INFORMATION SHOWN:
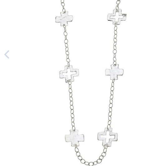 Susan Shaw Long Silver Cross Necklace
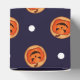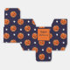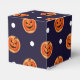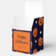 En utsökt utformning av anpassadet Halloween Favor box med en sockerkaka som illustrerar en orange jack o lantern-pumpa och vitt polka dots på mörk blått marin bakgrund.
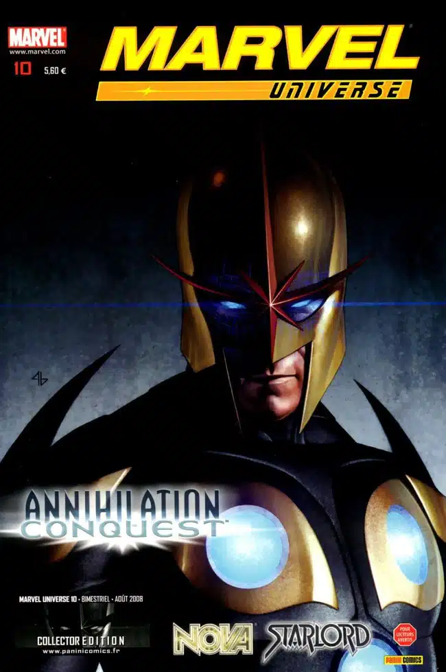 Annihilation : conquête se poursuit avec la mini-série complète de Starlord, écrite par Keith Giffen et dessinée par Timothy Green. Et on retrouve Nova et Gamora manipulés par les Phalanx, dans deux épisodes signés Abnett, Lanning et Chen.
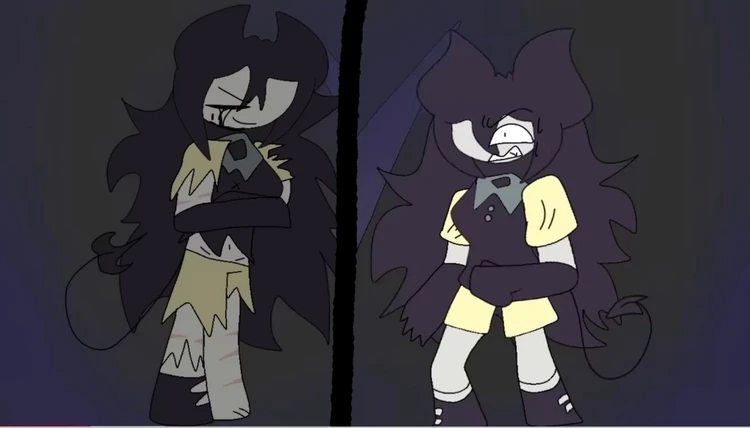 (이 캐릭터의 이름을 몰라서 짓은 이름) 성별:여자 종족:반인반크리쳐 나이:15살 직업:학생 특징:자신의 본모습의 검은 괴물을 조종할수가 있다,착하다,리의 친구.
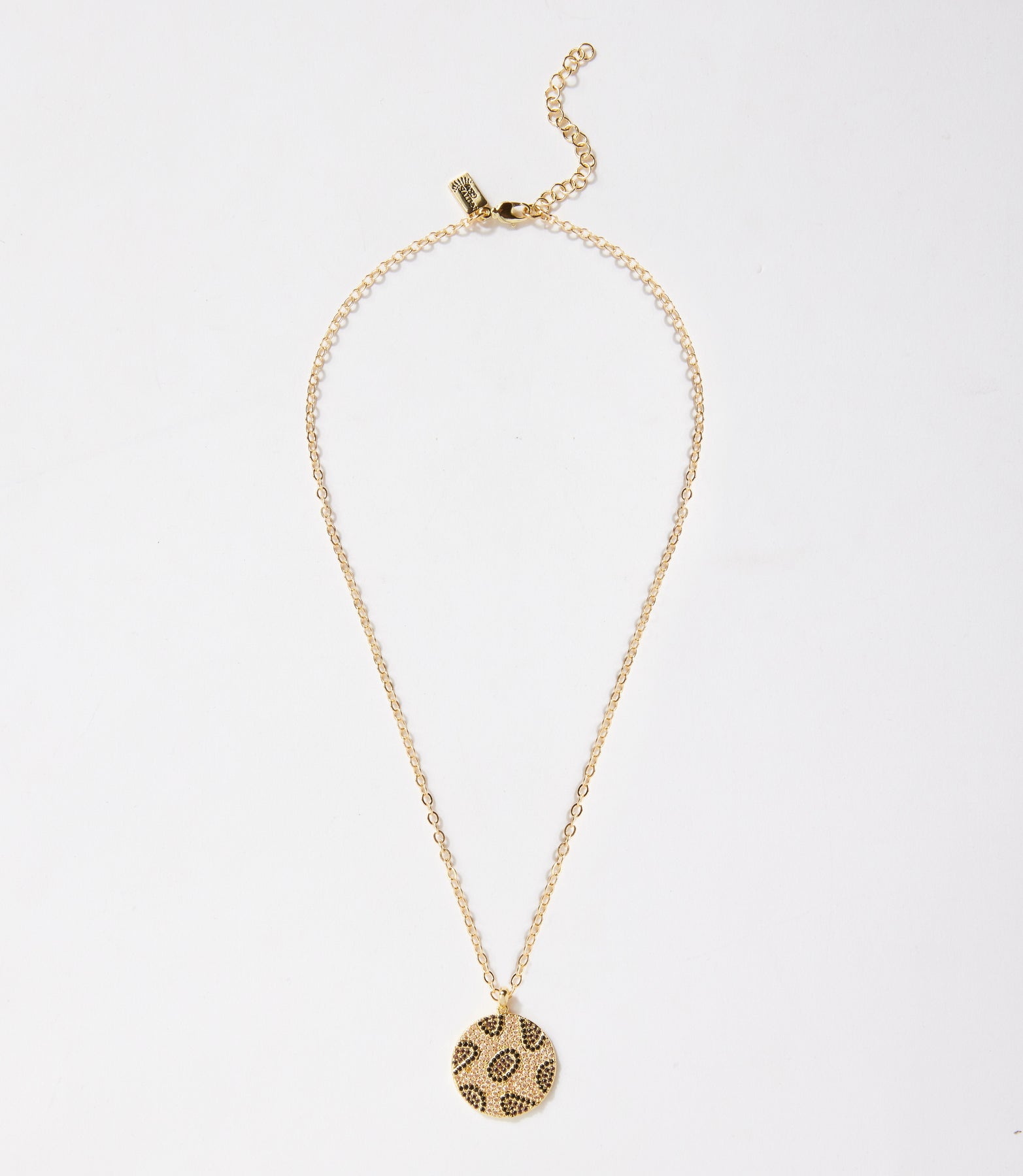 Featuring a round pendant encrusted with shimmering cubic zirconia in a bold leopard pattern, this necklace brings glam and edge together effortlessly. Crafted from brass with a 14K gold plate, it delivers a luxe finish perfect for layering or wearing solo. Pair with matching Earrings and Ring

ACTIVITY: Set down the entries above again exactly, minus any image.

ANSWER FOR THIS EXERCISE:
 Susan Shaw Long Silver Cross Necklace
 En utsökt utformning av anpassadet Halloween Favor box med en sockerkaka som illustrerar en orange jack o lantern-pumpa och vitt polka dots på mörk blått marin bakgrund.
 Annihilation : conquête se poursuit avec la mini-série complète de Starlord, écrite par Keith Giffen et dessinée par Timothy Green. Et on retrouve Nova et Gamora manipulés par les Phalanx, dans deux épisodes signés Abnett, Lanning et Chen.
 (이 캐릭터의 이름을 몰라서 짓은 이름) 성별:여자 종족:반인반크리쳐 나이:15살 직업:학생 특징:자신의 본모습의 검은 괴물을 조종할수가 있다,착하다,리의 친구.
 Featuring a round pendant encrusted with shimmering cubic zirconia in a bold leopard pattern, this necklace brings glam and edge together effortlessly. Crafted from brass with a 14K gold plate, it delivers a luxe finish perfect for layering or wearing solo. Pair with matching Earrings and Ring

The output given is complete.